Nach dem Umzug wurden die Vorteile zweier technischer Generationen miteinander verbunden. Viele der Bestandsmaschinen des alten Standorts wurden mithilfe moderner Sensorik und Vision-Lösungen nachgerüstet. So konnten sie in das MES sowie in ein Business-Intelligence-System (BI) eingebunden werden. Die Kombination aus alt und neu führte dazu, dass die alten Maschinen aufgrund ihrer Robustheit insgesamt weniger ausfallen und bevorstehende Ausfälle aufgrund intelligenter Sensorik rechtzeitig erkannt werden. „Solche robusten Maschinen werden heute leider gar nicht mehr hergestellt“, sagt Geschäftsführer Hugo Trappmann. Oft waren die einzelnen Komponenten untereinander nicht kompatibel oder erfüllten in der Vorkonfiguration nicht den gewünschten Zweck. So war es etwa häufig nicht möglich, Sensordaten in standardisierter Weise aus den Produktionsmaschinen auszulesen und in ein Überwachungs- und Predictive-Maintenance-System einzuspeisen. Die betriebsinterne Anpassung zugekaufter Systeme sowie die eigene Programmierung neuer Software waren daher zentraler Bestandteil für die Konfiguration der Produktionsmaschinen am neuen Standort der Blechwarenfabrik. Die Identifikation und Programmierung der entsprechenden Schnittstellen zur Einbindung in das MES stellten einen hohen personellen und zeitlichen Aufwand dar, amortisierten sich aber in kurzer Zeit. Durch die hohe Eigenleistung wurde die Maschinenverfügbarkeit verbessert und dadurch die Overall Equipment Efficiency (OEE) erhöht. Das hat auch positive Auswirkungen auf die Ressourceneffizienz. Durch eine geringere Anzahl an Maschinenausfällen wird weniger Ausschuss produziert und somit werden auch natürliche Ressourcen geschont. Eine frühzeitige Erkennung fehlerhafter Produkte wird z.B. durch eine 100-prozentige Druckprüfung ermöglicht. Bei dieser werden schadhafte Bauteile durch Nutzung kameragestützter Bilderkennung aussortiert. So wird die Verschwendung von Ressourcen für die Weiterverarbeitung defekter Vorprodukte vermieden.

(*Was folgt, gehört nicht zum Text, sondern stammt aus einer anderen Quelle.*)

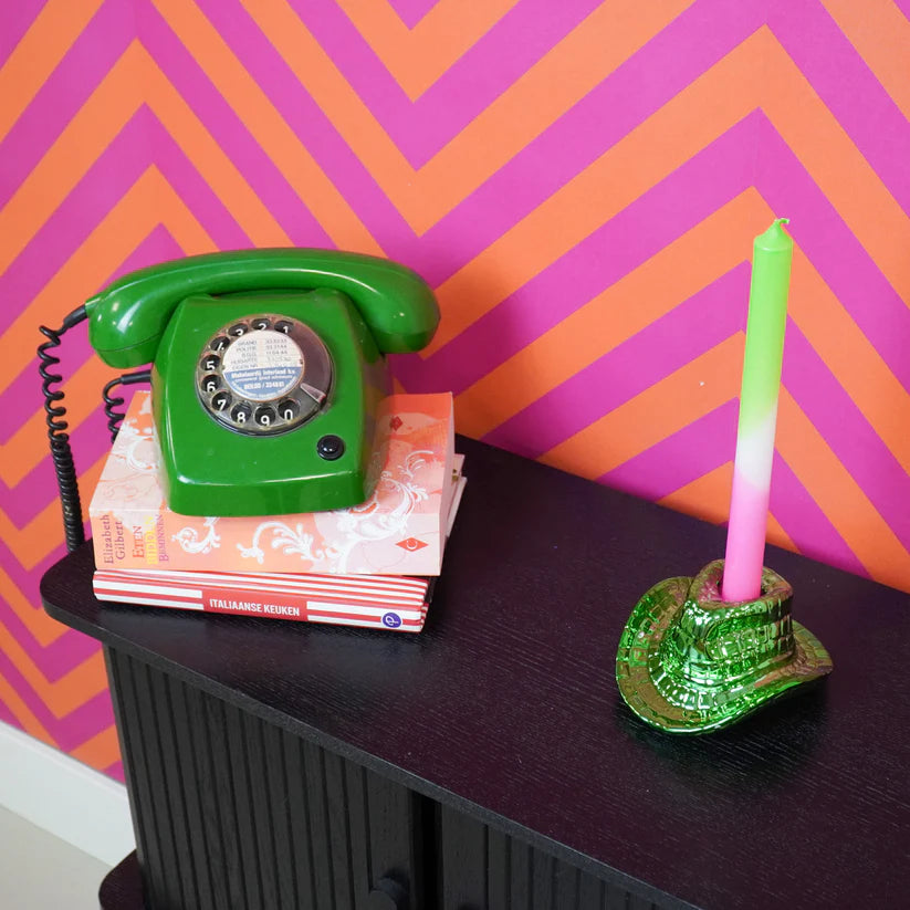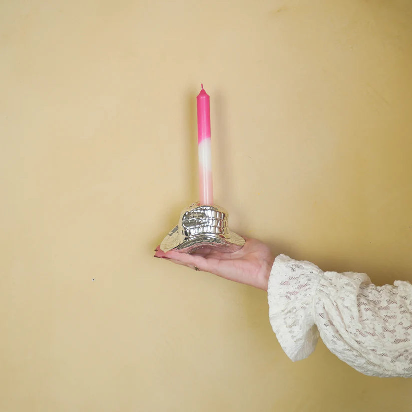 Avec sa silhouette iconique et son fini métallisé ultra-lumineux, il donne immédiatement du caractère à une table, une étagère ou un rebord de fenêtre. Associez-le à une bougie longue colorée pour un look fun, ou à une teinte neutre pour laisser le chapeau voler la vedette.

Maßnahmen für Nachhaltigkeit

Neben der Digitalisierung der Produktion wurden zahlreiche Maßnahmen ergriffen, um nachhaltiger und ressourcenschonender zu produzieren: eine Photovoltaikanlage auf dem Dach, die rund ein Drittel des fabrikeigenen Strombedarfs deckt, eine intelligente Lagerhaltung, welche temporär überschüssige Energie aus der Photovoltaik nutzt, um die Sortierung eingelagerter Waren zu verbessern oder die Nutzung der Abwärme aus der Produktion zum Kühlen und Heizen der gesamten Produktion sowie der angrenzenden Büroräume. „Ein zusätzlicher Vorteil in der Nutzung von Prozesswärme zum Heizen aller Gebäude liegt darin, dass ein Stillstand des Betriebs im Winter die Mitarbeiter motiviert, die Fehlerquelle schnell zu identifizieren und zu beheben“, sagt Trappmann scherzhaft. Bisher kam es jedoch nie zu solch einem Vorfall. Die umweltschonenden technologischen Maßnahmen am neuen Standort wurden im Oktober durch die Verleihung des Deutschen Umweltpreises der Deutschen Bundesstiftung Umwelt gewürdigt.

Stete Wissenserweiterung

Neben dem MES und dem BI werden eine Vielzahl weiterer digitaler Systeme eingesetzt, um die Blechwarenfabrik zu steuern. Sie alle sind zentral im Intranet aufrufbar. Was als effizienter Weg für den Informationsaustausch gedacht war, zeigte noch einen ganz anderen Vorteil: So gelang es auch in Zeiten der Covid-19-Pandemie, effizient aktuelle produktionsspezifische Themen zu besprechen, ohne sich einer gegenseitigen Ansteckungsgefahr auszusetzen. Alle aktuellen Themen und Inhalte der einzelnen Abteilungen werden in einem zentralen Steuerungssystem eingegeben, welches zur Kommunikation und Wissensspeicherung dient. Hier können auch Maschinendaten, Stillstandzeiten und Informationen aus dem MES und BI zentral eingesehen werden. Sollte es zu Maschinenproblemen oder Produktionsschwierigkeiten kommen, sind Mitarbeitende dazu angehalten, Vorkommnisse und die identifizierten Lösungen im Onlinesystem zu hinterlegen (Bottom-up-Approach). In gegenläufiger Richtung werden Mitarbeitende über die aktuelle Unternehmenssituation, Entscheidungen und Maßnahmen durch die Geschäftsleitung auf derselben Plattform informiert (Top-down-Approach). Die Inhalte sind für jeden einsehbar. Neben einer effizienten Kommunikation werden so Transparenz und Vertrauen geschaffen.